No Return

When I was a freshman in high school, so roughly 15, I had an online friend, whom was depressed.  Suicidal.  I knew this.

One night I sat and read his plan as he typed it to me over ICQ or Yahoo, whatever we were using at the time.  This was 15 years ago.  I read his anguish and what he intended to do about it.  I knew it was coming that night, that hour.  So I started him talking.  Anything to keep him talking.  I gained ground, and I lost it.  I’d gain more, but I’d lose twice as much.  That’s what it’s like when someone isn’t just wishing life away but putting a plan into motion.

I kept him going for an hour or so.  Maybe it was far less.  Maybe it was more like 3.  This was half my life ago and in moments like this, time doesn’t progress normally anyway.  But we talked a lifetime away as I kept him talking right up until he couldn’t type anymore.  And I continued to type to him knowing full well it was too late, he was at that point of no return.  He was already gone.

I had it confirmed, I don’t even know how much later, by his younger brother.

My life was never the same after that night.

I suppose that’s why, so many years later, I can’t just walk away.  It may not be my personal problem, but it’s someone’s problem.  Someone’s friend.  Someone’s son or daughter.  The love of someone’s life, whether they can see it or not.  And maybe for whatever reason, they can’t be the one there keeping them talking.

But I’d like to think that if I hadn’t been available on that fateful night, someone else would have been.  Maybe they could have done better, maybe I got further than anyone could have.  Just as long as he wasn’t alone in his final moments, even if I was an ocean away.

And so no, I can’t walk away.  It doesn’t matter if you are a total stranger.  Someone who knows you and loves you will always be grateful for the heart I put into gaining ground in keeping your life intact.

I told my father the day after it happened.  Knowing full well he was gone, did we have any means of confirming it?  But this person I cried for the night before was an ocean away, and I didn’t even know for sure where.  Technology was much the same then in the sense of talking to people around the world, but unlike today, there was no Facebook or twitter making it possible to narrow down where a lost life might be found so police could be called.

I still think of him time to time.  I don’t remember his name.  Too many years have passed and I’m not good with that aspect  of my memory.  Yet I will never forget, until my own dying days, that feeling I was left with when all was said and done.

And if in my life I can prevent that feeling for anyone else, then I will fight to make it so.

Because you don’t have to love someone to feel that hole of a life lost.

You’d be surprised who can care about you and how.

And no one is better off when anyone is gone.

5 thoughts on “No Return

  1. That’s heartbreaking – what a thing to experience at 15, or at any age.

    I find it inspiring that you have allowed this experience to cement your wonderful ability to be giving and empathetic with others.
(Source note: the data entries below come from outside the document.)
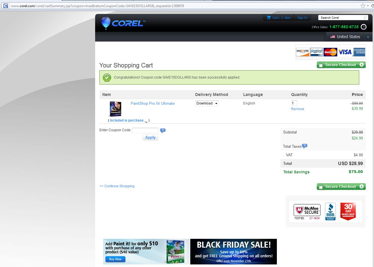 Ich hab das ganze im US Corel Shop nachvollzogen (oben rechts die Ländereinstellung gewechselt) und habe Corel Paint Shop Pro X4 (nicht Ultimate) für USD 17.39 erstanden. Mit Verwendung des SAVE15DOLLARS Coupon Codes. Die version ist natürlich die englische, mit etwas Glück könnte der License Code auch eine deutsche Version freuschalten - einen Versuch wär das schon wert.
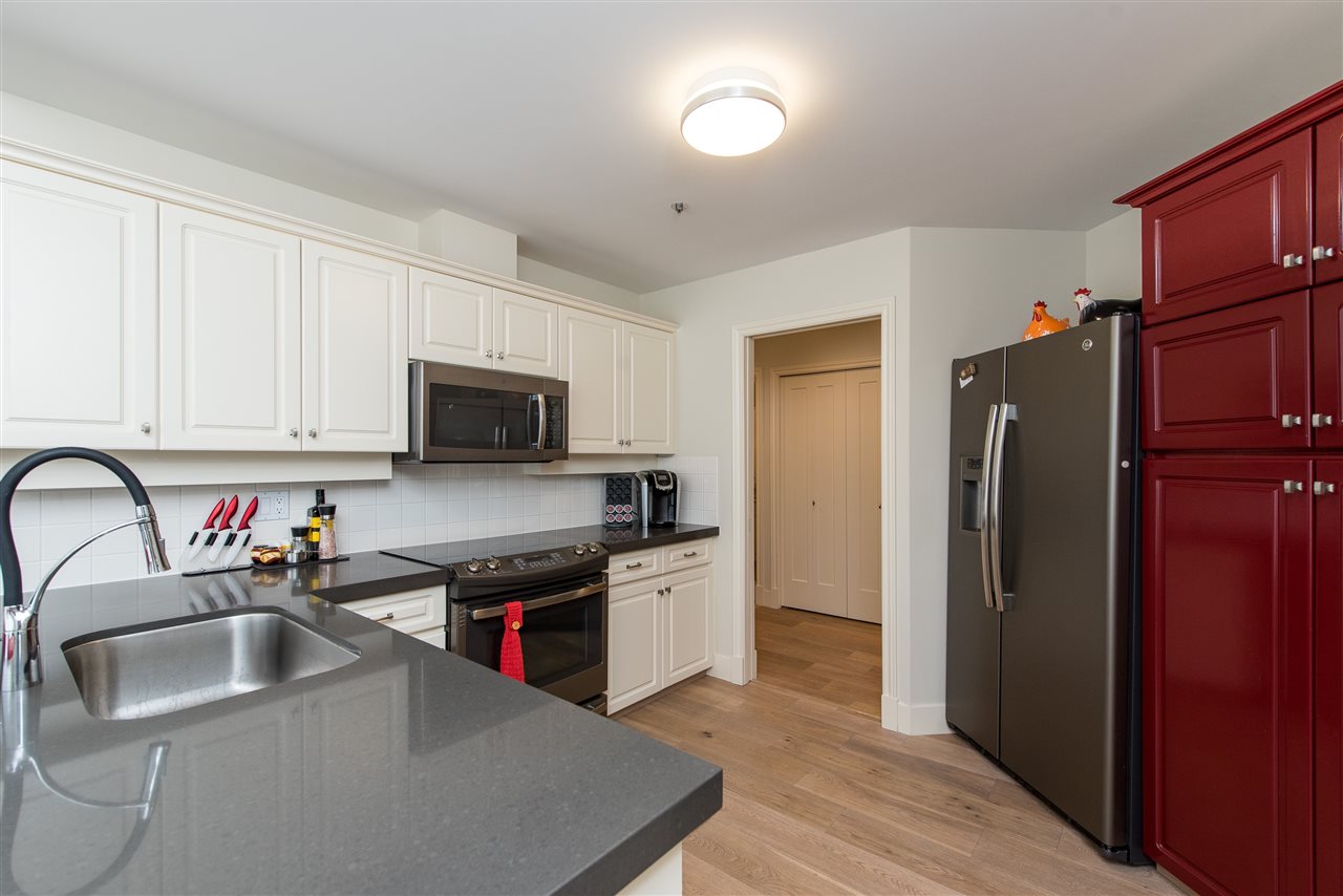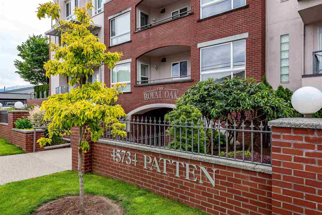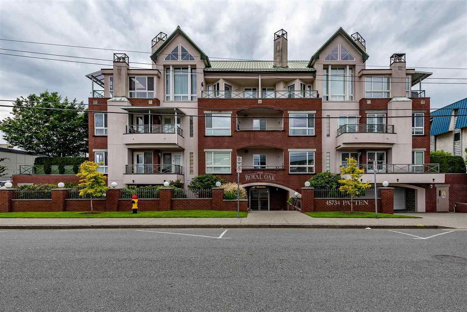 MAGAZINE WORTHY 2 bdrm & 2 bath CORNER UNIT in the prestigious 55+ building of “THE ROYAL OAK”. This jewel of a building features an indoor pool, sauna, hot tub, exercise room, guest suite, secure underground parking, storage lockers, AND a large meeting room. This modern classy condo was FULLY RENOVATED in 2018 feat.hardwood flooring, designer paint, new trim/doors/hardware, & a lovely kitchen w quartz & SS appliances. Spacious bedrooms incl. master w/ private en-suite and large closet. Southern exposure w/ lots of natural light and a covered patio w/ lovely mountain views. ALL IN strata fees incl. water/sewer/garbage/insurance/natural gas/ hot water & ALL amenities- excellent deal @ $405/month! Come find out why “The Royal Oak” has ALWAYS been the Cadillac of Chilliwack condo living.
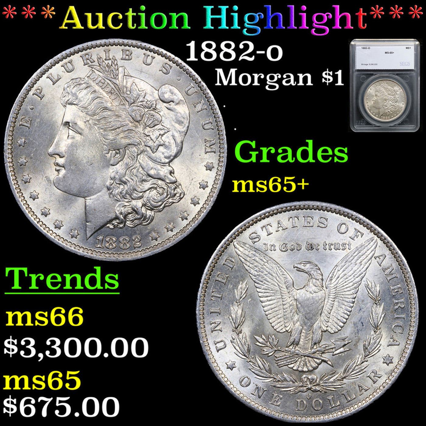 ***Auction Highlight*** 1882-o Morgan Dollar $1 Graded ms65+ By SEGS.
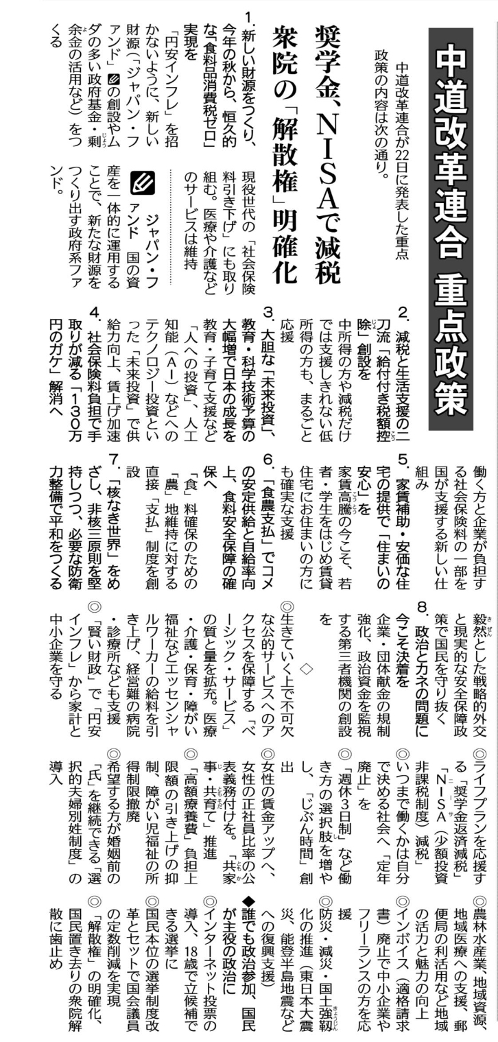 本日は、公明新聞に掲載された中道改革連合による重点政策の発表についてご紹介します。
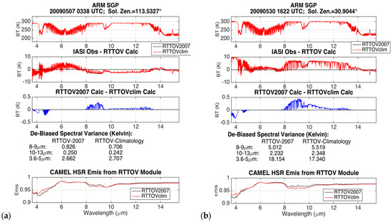 Comparison of IASI BTs calculated using the current RTTOV emissivity module (“RTTOV2007”) and the updated module (“RTTOVclim”) for the ARM SGP site on (a) May 7th, 2009 at 03:38 UTC and (b) on May 30th, 2009 at 16:22 UTC. Top panel shows the RTTOV calculated BTs overlaid for each emissivity module, second from top panel shows IASI observed minus calculated BT again overlaid for each emissivity module (RTTOVclim curve in red is overlaying the RTTOV2007 curve in black), third panel from top shows calculation differences, bottom panel shows the RTTOV CAMEL emissivities overlaid. The de-biased spectral variances are listed in Kelvin2 for each observation minus calculation difference for three spectral regions. Solar zenith angle is noted in the top title.
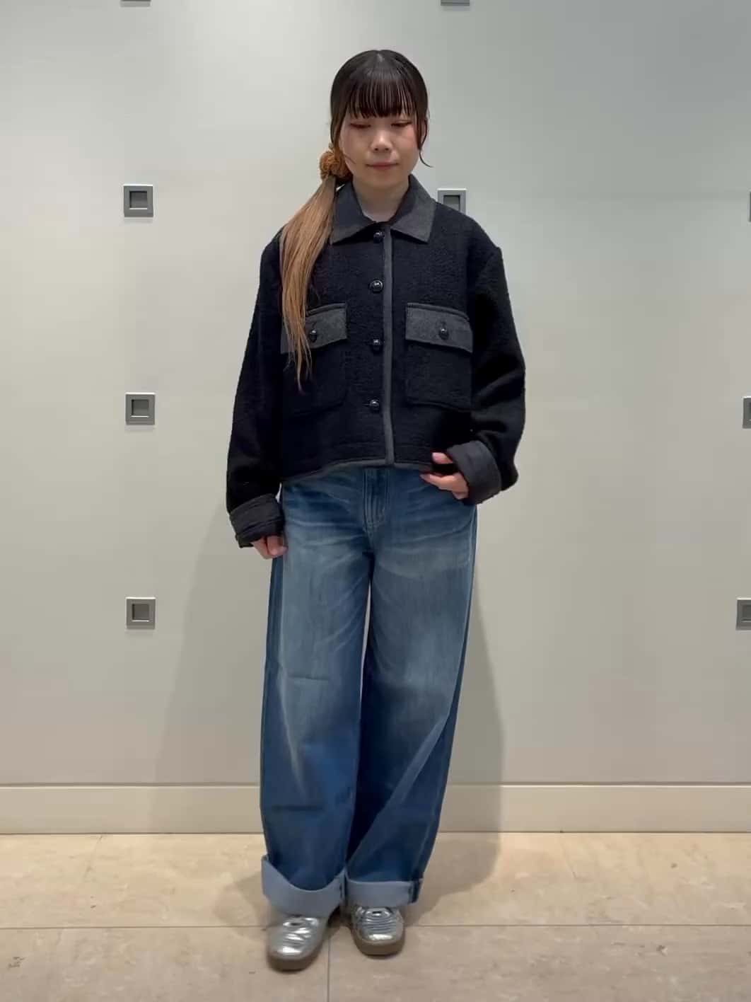 品のあるツイードジャケットに太めのデニムを合わせてキレイめカジュアルなコーディネート。ジャケットの丈が短めなので長さのあるパンツと合わせる事でスタイルアップ!61EFJ120 2/② ブラック53FFP580 1/① ブルー

We can’t change the past or speak with the dead, but we can use the lessons that they taught us to help ourselves and others. Thank you so much for sharing this story.

  2. Thank you for sharing this, it is very difficult to share a story like this. It’s a very important, very personal story. You are right. No one is better when someone is gone. I hope others read your post and consider the impact they will have on the people they would leave behind.

  3. This is just so terribly sad. It’s so true, no one is better off when anyone is gone. Thank you for sharing this.